Sull’Iss luce e buio si alternano ogni 45 minuti, così per mantenere un ritmo quanto più simile a quello del nostro Pianeta gli astronauti hanno orologi sincronizzati sull’ora di Greenwich.
Si concedono una notte artificiale, con otto ore e mezza di sonno al termine della quale comincia un nuovo giorno scandito da ritmi ferrei (almeno per cinque giorni a settimana): le luci si accendono e, dopo colazione, igiene personale e le comunicazioni da e verso la Terra, si parte con la giornata di lavoro: sei ore e mezza per manutenzione della stazione ed esperimenti, alle quali si aggiungono il pranzo e due ore e mezza di attività fisica, necessaria per contrastare l'indebolimento di ossa e muscoli, messi a dura prova dalle condizioni di microgravità. Segue la cena e il meritato riposo: si può leggere, guardare un film o semplicemente rilassarsi. Prima di un'altra notte di sonno trascorsa nel sacco a pelo appeso alla parete (senza gravità, infatti, non serve un materasso).
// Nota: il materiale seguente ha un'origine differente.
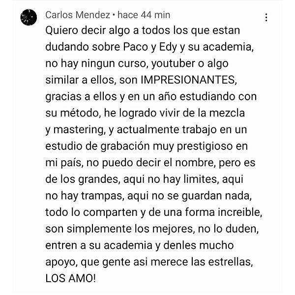 Al igual que Carlos, un antiguo alumno que gracias a nuestro Método ha logrado trabajo en uno de los mejores estudios de su país (tienes su caso en la sección de testimonios), tú también aprenderás técnicas avanzadas para analizar cualquier canción de cualquier estilo musical y transformar tus sonidos hasta alcanzar la misma potencia, claridad y definición (existen analizadores para PC y Mac, VST/AU excelentes).

Il pasto è un momento importante della giornata spaziale. In condizioni così estreme, nelle quali manca ogni punto di contatto con la propria vita terrestre, il cibo è una sorta di ritorno alle origini. Proprio come le madeleine sono state per Proust, un piatto del quale si va ghiotti diventa fondamentale per tenere alto il morale. Ed è per questo che si presta particolare cura al menu di ogni singolo viaggiatore del cosmo. Il cibo studiato per l’alimentazione di Samantha Cristoforetti, ad esempio, è ricco di frutta e verdura, cereali integrali, pesce azzurro e carne bianca. Gli alimenti devono essere appetitosi, ma al contempo sani, e devono fornire il giusto apporto di calorie. È anche necessario fare i conti con una serie di limitazioni dovuti al particolare ambiente nel quale vengono consumati: vanno conservati a temperatura ambiente molti mesi (sull’Iss non c’è un frigorifero per gli alimenti) e non devono produrre briciole, che potrebbero svolazzare nell’abitacolo.
Si opta quindi per cibi liofilizzati o termostabilizzati, che vengono riscaldati, se necessario, oppure ricostituiti con acqua. Una particolare attenzione deve anche essere riposta nella realizzazione dei contenitori più adatti. Non mancano poi alcuni manicaretti scelti ad hoc per soddisfare i gusti di ogni singolo astronauta, da gustare nelle giornate speciali. Ad esempio, per Luca Parmitano il «pranzo della domenica» poteva comprendere lasagne, parmigiana, risotto al pesto, caponata e tiramisù.